Complete step by step solution:
Step 1:
Before solving the question, we have to see some definition which we are going to use in question.
The law of conservation of angular momentum states that when no external torque acts on an object, no change of angular momentum will occur.
Moment of inertia: Moment of inertia, in physics, quantitative measure of the rotational inertia of a body—i.e., the opposition that the body exhibits to having its speed of rotation about an axis altered by the application of a torque (turning force). The axis may be internal or external and may or may not be fixed.
We are given that u is the initial velocity of the solid sphere.
Now, By the conservation of angular momentum and relation of the inertia we can write $mur = {I_c}\omega$ …..(1)
Where r is the radius of the sphere, $\omega $ is the angular momentum when the sphere starts pure rolling motion, and ${I_c}$ is the moment of inertia.

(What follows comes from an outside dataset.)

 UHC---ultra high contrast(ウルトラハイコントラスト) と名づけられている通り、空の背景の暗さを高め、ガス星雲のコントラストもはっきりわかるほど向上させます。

Normally, the moment of inertia of a solid sphere about its natural axis passing through the center is –
$I = \dfrac{2}{5}m{r^2}$
Here, we require the moment of inertia of the sphere with respect to the tangent.
To find the moment of inertia about tangent, we have to apply the parallel axis theorem which states that the moment of inertia about any parallel axis is equal to the sum of moment of inertia about the natural axis and the product of mass and square of the distance between the axes.

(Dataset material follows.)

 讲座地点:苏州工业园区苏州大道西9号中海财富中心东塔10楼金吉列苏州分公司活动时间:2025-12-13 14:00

Applying the parallel axis theorem, we get:
${I_c} = I + m{r^2}$
${I_c} = \dfrac{2}{5}m{r^2} + m{r^2} = \dfrac{{2 + 5}}{5}m{r^2} = \dfrac{7}{5}m{r^2}$
The moment of inertia of a solid sphere about a tangent is $\dfrac{7}{5}m{r^2}$ …… (2)
When a solid sphere starts rolling motion then the speed is, v=$\omega r$ or we can say $\omega = \dfrac{v}{r}$ …… (3)
Putting equation (3) in (1) we get, $mur = \dfrac{7}{5}m{r^2} \times \dfrac{v}{r}$
Cancelling the terms, we get, $u$ = $\dfrac{7}{5}v$
From here we will get its speed when it starts pure rolling motion, $v = \dfrac{{5u}}{7}m{s^{ - 1}}$

Hence option C is correct.

Note: Important step: There are several forms of equation for angular momentum. Still, we need the formula in terms of the moment of inertia since the rolling motion is involved. Also, one should know that there is a different moment of inertia for different bodies and we are required here about the tangent.